Skim: Speculative Execution for Fast and Efficient Web Agents

Skim：用于快速高效 Web 智能体的推测执行框架

Abstract: Skim is a speculative execution framework for web agents that exploits the predictable structure of purpose-built websites. Today’s web-agent expense is not intrinsic to the tasks but a property of how agents are composed: frontier-model inference, browser rendering, and ReAct-style planning are applied to every step of every task regardless of complexity.

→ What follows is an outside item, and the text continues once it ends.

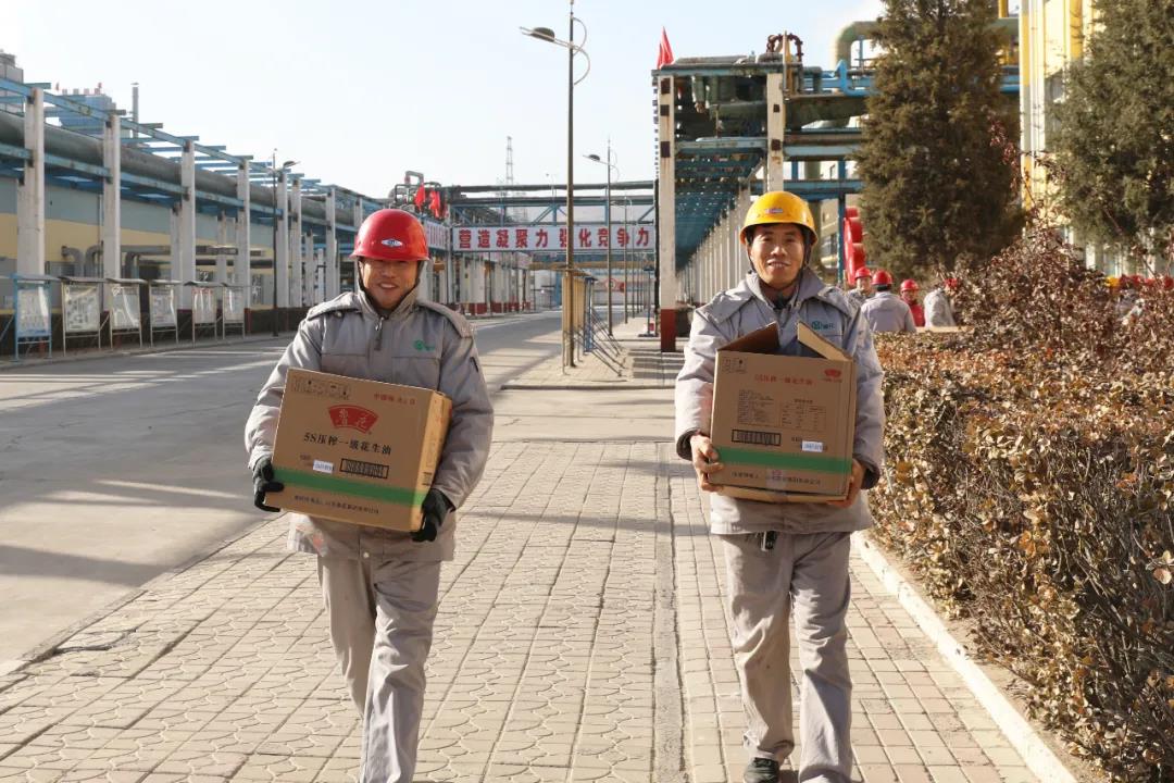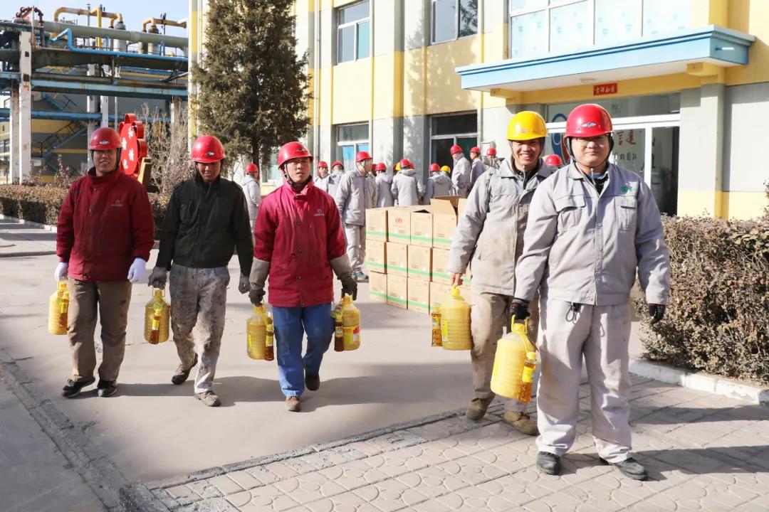 1月11日,公司继发放河套面粉、五常大米、壶瓶大枣等过节福利物品后,又为员工发放了鲁花压榨花生油。

摘要： Skim 是一种用于 Web 智能体的推测执行框架，它利用了专用网站的可预测结构。当前 Web 智能体的高昂成本并非任务本身固有的，而是由智能体的构建方式所致：无论任务复杂程度如何，每一项任务的每一步都会调用前沿模型推理、浏览器渲染和 ReAct 风格的规划。

Skim’s key observation is that websites enforce stable URL patterns, answer formats, and task-to-trajectory mappings across queries of the same type, so most queries can bypass these heavyweight components entirely. An offline profiler captures these patterns once per site. At runtime, Skim matches each query to a template, synthesizes the destination URL, and extracts the answer with a small model.

Skim 的核心观察在于，网站在处理同类查询时会遵循稳定的 URL 模式、答案格式以及任务到轨迹的映射，因此大多数查询完全可以绕过这些繁重的组件。离线分析器会为每个站点捕获一次这些模式。在运行时，Skim 将每个查询匹配到一个模板，合成目标 URL，并使用小型模型提取答案。

A lightweight verifier gates each fast-path output against the query and schema; rare misspeculations cascade to the full agent, warm-started by the fast path’s final URL to preserve upstream trajectory progress. Across standard web-agent benchmarks paired with three backbone agents (WebVoyager, AgentOccam, BrowserUse), Skim reduces median per-task cost by 1.9x and latency by 33.4% with no accuracy loss.

轻量级验证器会根据查询和模式对每个快速路径的输出进行把关；罕见的推测错误会回退到完整智能体，并利用快速路径的最终 URL 进行热启动，以保留上游轨迹的进度。在结合了三种骨干智能体（WebVoyager、AgentOccam、BrowserUse）的标准 Web 智能体基准测试中，Skim 在不损失准确性的前提下，将每项任务的中位数成本降低了 1.9 倍，延迟降低了 33.4%。